Richard Thompson Sweet Warrior
(Shout Factory)The wheel is a fine invention. As long as you build it to the proper circular specifications it will reliably roll down the hill. Essentially, there is no need to reinvent it. Richard Thompson makes a good wheel. A devotee of traditional forms, he has long since perfected a style of writing and playing that relies heavily on an amalgam of English folk and American blues, and since his recent exploration into 1000 years of song revealed a common thread between "Sumer Is Icumen In" and "Oops, I Did It Again", I guess he figures that if the formula has lasted a millennium, there must be something to it.
So, as usual, Thompson is not out to surprise anybody on his new one, Sweet Warrior. It contains a healthy mix of grade A, high quality folk/blues with a smattering of brilliance here and there and spectacular guitar playing throughout. I'm a guitar player, so I can understand if the average Joe is not sitting there in awe of this man's sound and style, whereas I can keep coming back to almost any one of these tunes for a knockout experience. But great fretwork doesn't always make for a great album, as any number of posthumous Hendrix releases prove. You need great songs, and this album has a few. The opener, Needle and Thread, is a classic Thompson groove on top of a classic Thompson, heart thrown on the floor and stomped on lyric. His use of archaic turns of phrase like "hand me down my needle and thread" coupled with an almost Celtic guitar riff and a driving blues chug, give songs like this a timeless quality. They seem to exist out of time and for all time. Likewise, Take Care The Road You Choose has Thompson snaking his vocal around a simple major chord progression, with mournful slide guitar lines adding commentary. It's the kind of tune he might have recorded 20 years ago or will record 20 years on, losing none of its power. His connection to the past is solidified by subtle additions to guitar phrases or lyrics. In Too Late to Come Fishing he sings "it's too late, the fish don't like your bait", recalling the line from Henry Thomas' classic Fishin' Blues, "many fish bites if you got good bait".

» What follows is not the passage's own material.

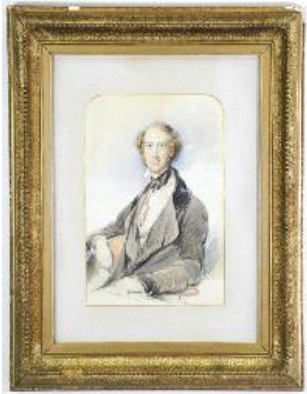
Lot # 147

I should point out that few highlight Thompson's skill as a vocalist, and while he does not have an operatic tenor, he gives his all to each and every performance. He's trying to sell everything here and the listener appreciates the effort. This is par for the course for Thompson, but maybe he's a little more committed this time due to the Bush/Blair fiasco he can't help commenting on, directly and indirectly. When he laments "everything is poppy red" about a lost lover, it brings forth images of a bloody battlefield, and "Johnny's Far Away", with its Clancy Brothers passion, can't help but bring to mind the soldiers off in a foreign land. Dad's Gonna Kill Me faces the issue head on, the title offering a clever irony. Basically, the sad or angry songs match the rollicking ones blow for blow (hell, sometimes they're the same song), even when the lyrics betray the sadness of the music, as in She Sang Angels to Rest.
But lest one think this album is a dour affair, let me disavow you of that notion. The exuberance, the presence of life is such that even the downers are uplifting. Sweet Warrior is another highlight in a career that's had enough of them already. And it proves once again that originality is overrated, especially in relation to good old fashioned consistency.